As a counterpoint, Nosey Mole, the more conservative member of the team,   immediately proposed the example of the Anabaptist structure as a truer form of democracy saying that it is a one-for-all and all for one democracy with a simple community board of directors and everyone benefits equally in the gross profits of the community.

Guru, the philosophical member of the team corrected Nosey saying the Anabaptist government was a theocracy based on the Christian Bible and did not necessarily follow democratic principles. He added “Democracy only works in small locations where the citizens vote directly on the passage of issues, while in larger expanses many citizens elect one representative to represent them when voting on the issues; that is called a republic.”

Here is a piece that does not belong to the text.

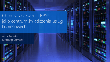 Chmura zrzeszenia BPS jako centrum świadczenia usług biznesowych. Artur Powałka Microsoft Services Tradycyjne podejście do wirtualizacji IT receives requests and begins the provisioning process Business system administrators request infrastructure through email or an IT request portal Consumption of infrastructure resources and operational costs increase IT Provisioning of VMs uses basic automation Increased IT Costs The business over-provisions infrastructure with no visibility or allocation of the true cost of running the infrastructure 10/3/2013 Biznes Ongoing maintenance of deployed VMs and virtual hosts is a manual, highly coordinated activity VMs are provisioned to business-unit-specific “silos” of virtual hosts Asset registration, setting up monitoring, maintenance windows, backup, security, and deploying the required applications is a series of manual tasks across multiple teams, causing delays in business processes 2 Prywatna Chmura Microsoft Provisioning of complete services is highly automated Business system administrators request complete services through a role-based, self-service interface Consumption of infrastructure resources is elastic and optimized as a balance between business need and allocated cost 10/3/2013 Biznes Business units are allocated units of quota and reporting of consumption is provided for chargeback or showback purposes IT Infrastructure resources are pooled across business units for maximum density and availability Reduced IT Costs Asset registration, setting up monitoring, maintenance windows, backup, security, and deployment of applications are highly automated The ongoing maintenance of deployed VMs and virtual hosts is automated and orchestrated to have zero downtime 3 Zarządzanie aplikacjami Prywatna Chmura Microsoft Zarządzanie infrastrukturą Dostarczanie i automatyzacja usług konfiguracja Właściciel aplikacji Self service Model usługowy Dostarczanie i automatyzacja usług Administrator Data center monitoring Infrastructure Management Automatyzacja procesu usługowego Architektura referencyjna Portal użytkownika Warstwa koordynacji SharePoint/Silverlight® Self-service User Interface System Center Orchestrator Warstwa zarządzania Warstwa automatyzacji Porządkuje procesy od strony biznesowej Grupuje zadania i jednostkowe czynności Windows PowerShell® 2.0 Web Services Management (WS-Man) Windows® Management Instrumentation Automatyzuje wykonanie jednostkowych zadań Wirtualizuje zasoby Warstwa wirtualizacyjna Warstwa sprzętowa Udostępnia usługi biznesowe dla użytkowników Servers, networks, storage, PowerShell, WS-Man, Storage Management Initiative Udostępnia sprzęt i podstawowe usługi Korzyści z Chmury Prywatnej Microsoft A. Zarządzanie - Rekomendacja D – 17/22 rekomendacji (!) Nakłady na zarządzanie i utrzymywanie Nakłady na zarządzanie i utrzymywanie - Rozliczalność - KOSZTY - Automatyzacja i Skalowalność Nakłady na zarządzanie i utrzymywanie Software Sprzęt i infrastruktura - Szybkość reakcji na potrzeby klienta A Software Software Sprzęt i infrastruktura C Tradycyjne Data Center Zwirtualizowane Data Center -60% !!! - Optymalizacja inwestycji w technologię Microsoft B Sprzęt i infrastruktura B. Oprogramowanie - Pakiet oprogramowania - Zaawansowana integracja C. Sprzęt - Zarządzanie pojemnością Prywatna Chmura Microsoft - Planowanie wykorzystania - Optymalizacja dostępności System Center 2012 Application Insight Service Management IT Process Automation 2010 2009 Server 2007 Virtualization Backup 2006 & Recovery 2000 Monitoring 1994 Configuration ENABLE ENTER THE DATA CENTER INTEGRATE PROVIDE EMBRACE Bardzo dziękuję za uwagę! [email protected] Microsoft Services 10/3/2013 9

Nosey countered, “Well, they don’t need Social Security!”.

Mariner, the romantic naturalist, suggested that democracy is a manifestation of the times, that it is a reaction to a given state of affairs involving population, weather, economics and geographical conditions. “For example”, he said, “the leaders of the newly independent United States suddenly inherited massive amounts of territory, had no established rule over three quarters of the continent, still remembered the authoritarianism of the European Monarchs and suddenly inherited much more wealth than the population of 2.7 million needed. Some form of democracy was their only choice.”

“The Bill of Rights is the weak spot.” Amos said. “It’s a fantasy list of good times that doesn’t mix with natural herd behavior – it’s what benefits the herd that counts, not what benefits the individual.”

Mariner broke in and said, “It’s obvious the team will have to set another meeting to continue this discussion of democracy.”